# PROBLEM REQUIREMENTS
Please repeat, exactly and without pictures, the lines of the entries below that run from the one containing "Хоча саме в" through the one containing "- B-346★送料無料★E".

# RECORDS FOR THIS TASK
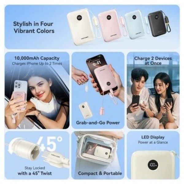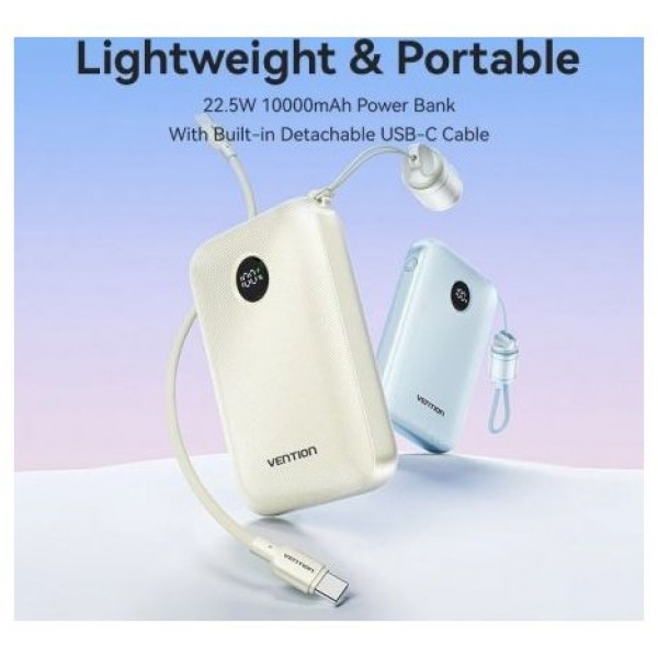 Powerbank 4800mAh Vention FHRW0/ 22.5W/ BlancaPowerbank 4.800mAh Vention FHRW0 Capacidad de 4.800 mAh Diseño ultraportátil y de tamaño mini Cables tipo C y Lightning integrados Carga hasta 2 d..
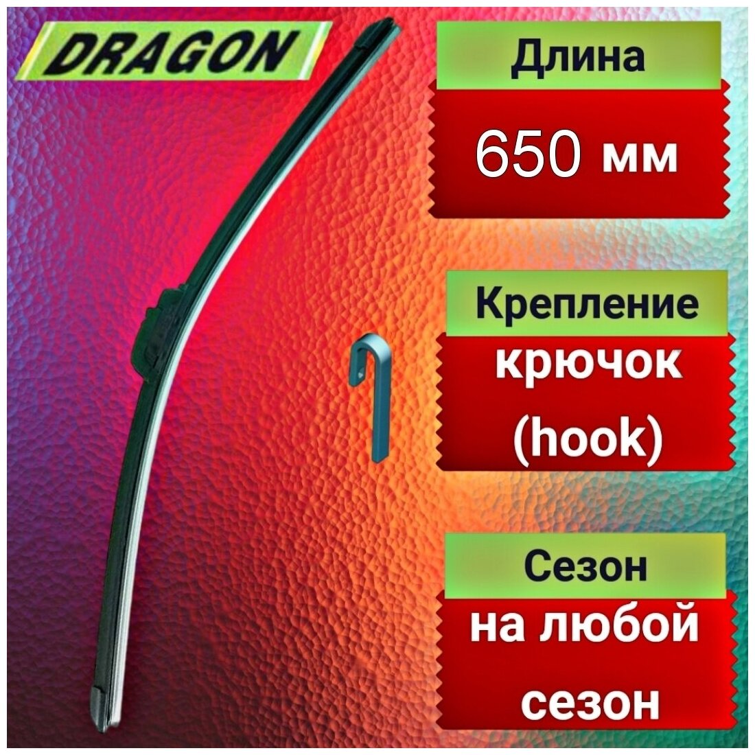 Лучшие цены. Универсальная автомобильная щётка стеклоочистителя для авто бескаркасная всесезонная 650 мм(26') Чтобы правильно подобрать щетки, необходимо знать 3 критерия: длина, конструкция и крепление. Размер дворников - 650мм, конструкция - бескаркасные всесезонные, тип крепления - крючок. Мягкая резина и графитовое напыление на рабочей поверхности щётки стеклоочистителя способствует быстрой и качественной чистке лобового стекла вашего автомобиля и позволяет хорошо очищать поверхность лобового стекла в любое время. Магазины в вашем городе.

--

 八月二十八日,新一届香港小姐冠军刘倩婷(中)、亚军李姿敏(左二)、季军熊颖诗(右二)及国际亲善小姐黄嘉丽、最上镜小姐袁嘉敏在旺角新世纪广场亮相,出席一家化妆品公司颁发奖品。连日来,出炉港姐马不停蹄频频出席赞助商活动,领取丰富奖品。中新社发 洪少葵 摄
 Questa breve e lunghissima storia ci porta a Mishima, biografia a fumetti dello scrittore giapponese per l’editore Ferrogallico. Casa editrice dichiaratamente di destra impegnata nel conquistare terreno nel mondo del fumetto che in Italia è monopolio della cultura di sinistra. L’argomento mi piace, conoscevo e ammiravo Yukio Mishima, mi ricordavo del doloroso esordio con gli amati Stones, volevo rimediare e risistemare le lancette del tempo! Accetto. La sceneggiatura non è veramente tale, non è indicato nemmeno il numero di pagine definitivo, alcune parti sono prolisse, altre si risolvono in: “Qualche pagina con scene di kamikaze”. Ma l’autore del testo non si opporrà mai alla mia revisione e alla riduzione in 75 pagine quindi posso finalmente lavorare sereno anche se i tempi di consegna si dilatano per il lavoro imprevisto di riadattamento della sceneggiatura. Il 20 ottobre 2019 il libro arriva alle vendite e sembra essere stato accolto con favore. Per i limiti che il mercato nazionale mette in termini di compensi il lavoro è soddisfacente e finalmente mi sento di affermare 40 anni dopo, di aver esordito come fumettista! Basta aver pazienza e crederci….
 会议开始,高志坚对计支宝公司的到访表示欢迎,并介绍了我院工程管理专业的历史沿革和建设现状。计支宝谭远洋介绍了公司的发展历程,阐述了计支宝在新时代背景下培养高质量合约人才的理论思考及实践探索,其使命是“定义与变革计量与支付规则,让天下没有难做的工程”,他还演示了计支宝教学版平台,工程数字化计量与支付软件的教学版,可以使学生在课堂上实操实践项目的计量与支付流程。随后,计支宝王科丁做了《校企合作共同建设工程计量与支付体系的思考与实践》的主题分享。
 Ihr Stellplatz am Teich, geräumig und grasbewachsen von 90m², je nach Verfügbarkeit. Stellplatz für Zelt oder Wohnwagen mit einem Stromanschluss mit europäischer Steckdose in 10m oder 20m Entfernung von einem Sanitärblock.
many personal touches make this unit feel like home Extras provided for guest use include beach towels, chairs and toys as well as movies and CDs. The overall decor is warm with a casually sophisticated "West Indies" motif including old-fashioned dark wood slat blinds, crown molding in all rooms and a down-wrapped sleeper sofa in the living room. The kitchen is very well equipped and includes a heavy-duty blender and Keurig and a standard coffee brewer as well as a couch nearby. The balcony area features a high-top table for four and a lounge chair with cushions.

...

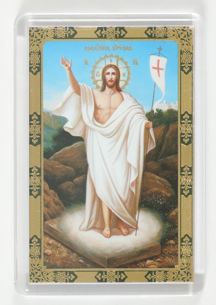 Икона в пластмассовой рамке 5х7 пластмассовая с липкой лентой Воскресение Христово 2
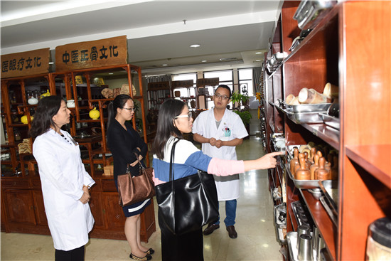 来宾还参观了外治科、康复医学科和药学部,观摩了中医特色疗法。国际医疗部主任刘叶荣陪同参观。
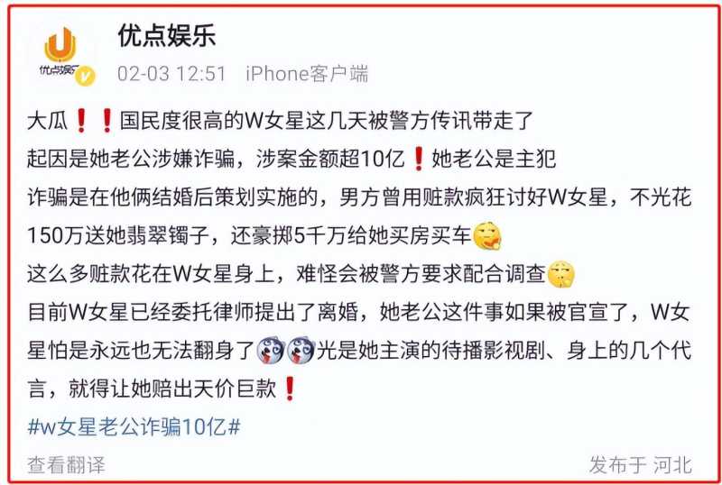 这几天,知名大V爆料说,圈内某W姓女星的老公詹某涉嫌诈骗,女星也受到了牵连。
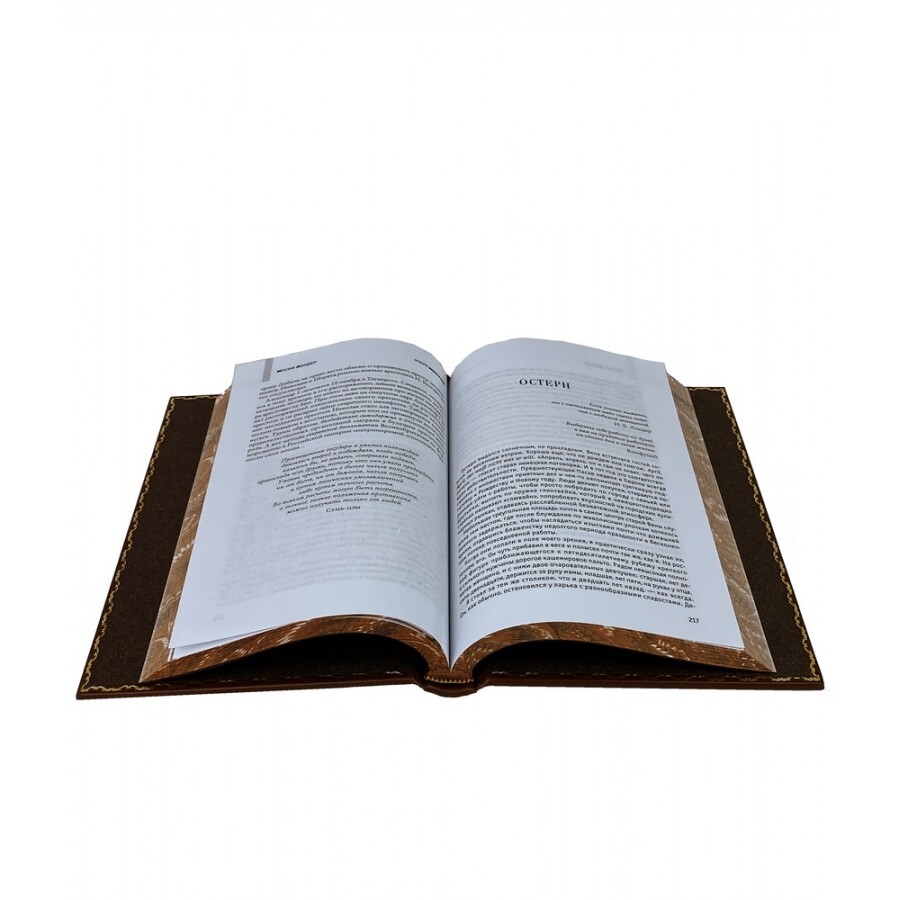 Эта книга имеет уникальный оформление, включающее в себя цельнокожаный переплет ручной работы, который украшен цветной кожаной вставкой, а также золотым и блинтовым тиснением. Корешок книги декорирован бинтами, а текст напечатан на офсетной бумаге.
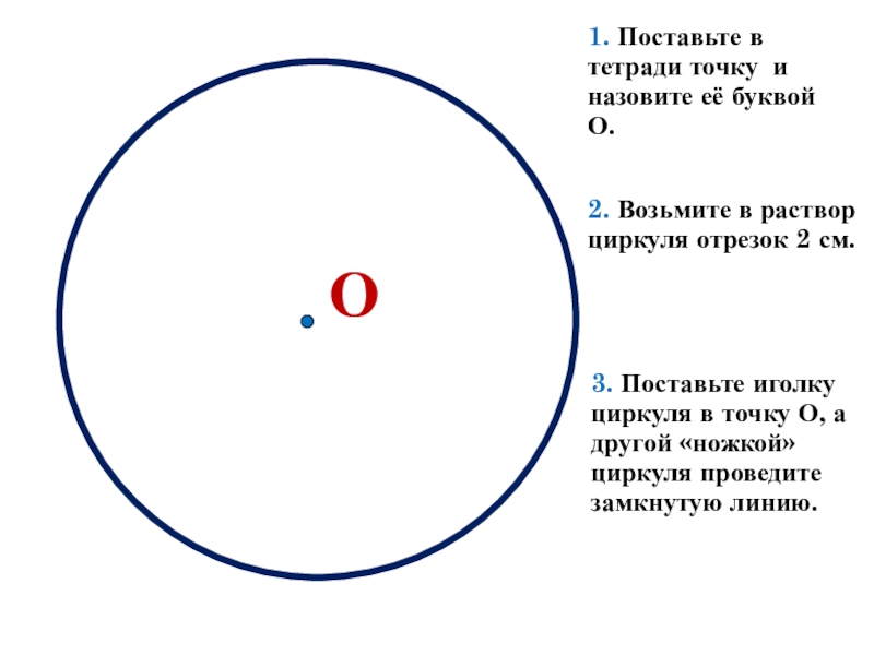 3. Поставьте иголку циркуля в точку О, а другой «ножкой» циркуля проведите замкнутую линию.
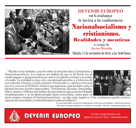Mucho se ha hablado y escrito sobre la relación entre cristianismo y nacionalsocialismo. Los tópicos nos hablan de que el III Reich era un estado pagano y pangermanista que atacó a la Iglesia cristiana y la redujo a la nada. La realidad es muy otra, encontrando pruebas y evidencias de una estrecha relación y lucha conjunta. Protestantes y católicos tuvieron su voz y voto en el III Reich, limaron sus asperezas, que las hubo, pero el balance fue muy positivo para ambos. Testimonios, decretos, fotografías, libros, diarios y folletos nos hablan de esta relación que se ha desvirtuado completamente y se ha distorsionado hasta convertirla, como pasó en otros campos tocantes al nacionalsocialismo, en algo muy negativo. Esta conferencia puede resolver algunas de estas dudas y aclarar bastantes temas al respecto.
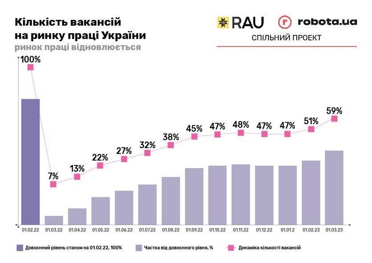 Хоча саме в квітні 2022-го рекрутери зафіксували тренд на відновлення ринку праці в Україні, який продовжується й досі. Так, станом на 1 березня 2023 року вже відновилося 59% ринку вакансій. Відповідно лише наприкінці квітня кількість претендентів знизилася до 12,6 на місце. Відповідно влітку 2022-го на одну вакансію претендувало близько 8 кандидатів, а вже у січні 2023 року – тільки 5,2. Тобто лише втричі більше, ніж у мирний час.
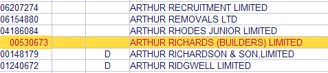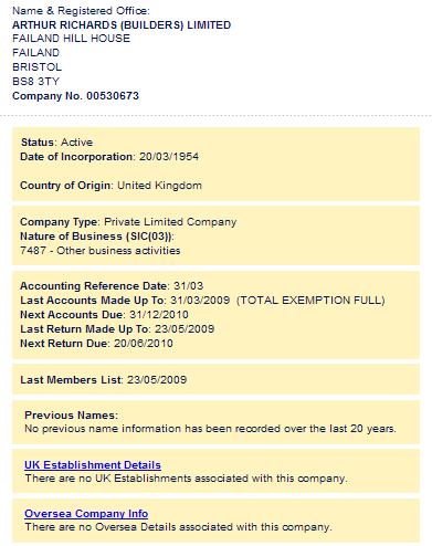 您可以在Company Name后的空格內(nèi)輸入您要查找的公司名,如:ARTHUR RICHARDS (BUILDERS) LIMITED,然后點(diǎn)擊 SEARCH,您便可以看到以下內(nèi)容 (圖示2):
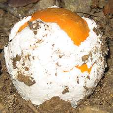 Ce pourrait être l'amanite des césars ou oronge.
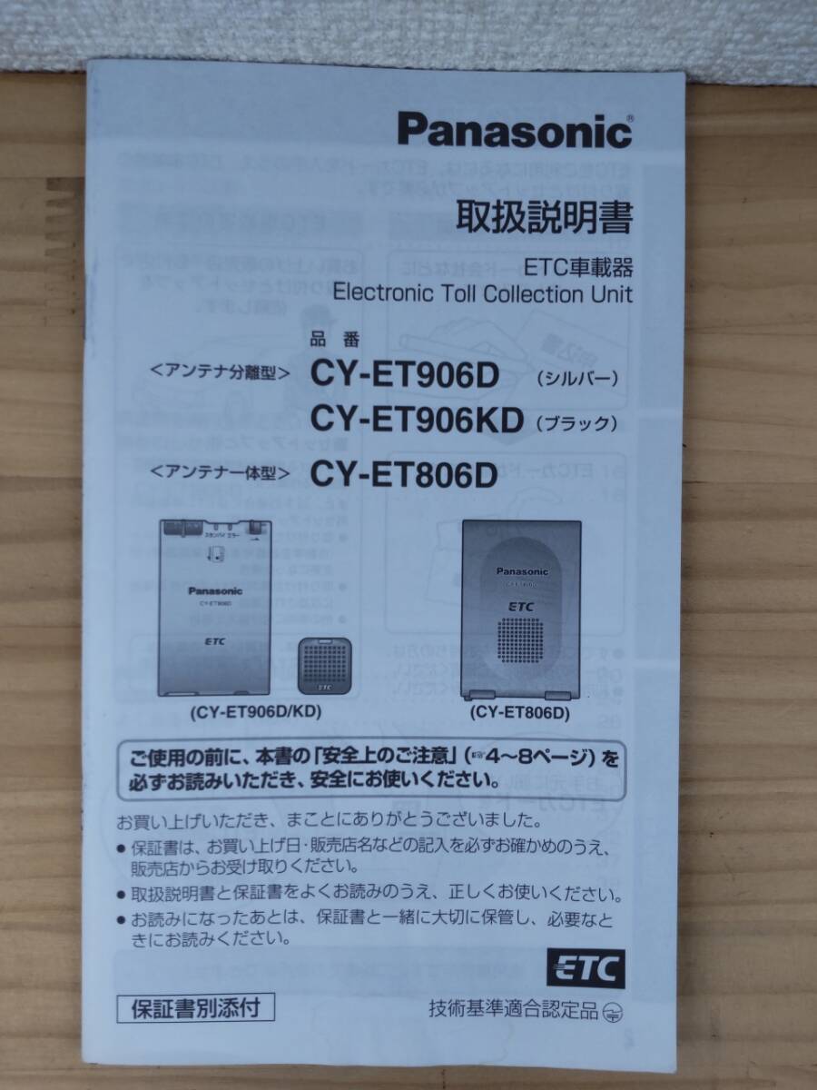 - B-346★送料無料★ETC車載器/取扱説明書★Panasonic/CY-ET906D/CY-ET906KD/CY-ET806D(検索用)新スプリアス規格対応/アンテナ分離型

# REPLY
 Хоча саме в квітні 2022-го рекрутери зафіксували тренд на відновлення ринку праці в Україні, який продовжується й досі. Так, станом на 1 березня 2023 року вже відновилося 59% ринку вакансій. Відповідно лише наприкінці квітня кількість претендентів знизилася до 12,6 на місце. Відповідно влітку 2022-го на одну вакансію претендувало близько 8 кандидатів, а вже у січні 2023 року – тільки 5,2. Тобто лише втричі більше, ніж у мирний час.
 您可以在Company Name后的空格內(nèi)輸入您要查找的公司名,如:ARTHUR RICHARDS (BUILDERS) LIMITED,然后點(diǎn)擊 SEARCH,您便可以看到以下內(nèi)容 (圖示2):
 Ce pourrait être l'amanite des césars ou oronge.
 - B-346★送料無料★ETC車載器/取扱説明書★Panasonic/CY-ET906D/CY-ET906KD/CY-ET806D(検索用)新スプリアス規格対応/アンテナ分離型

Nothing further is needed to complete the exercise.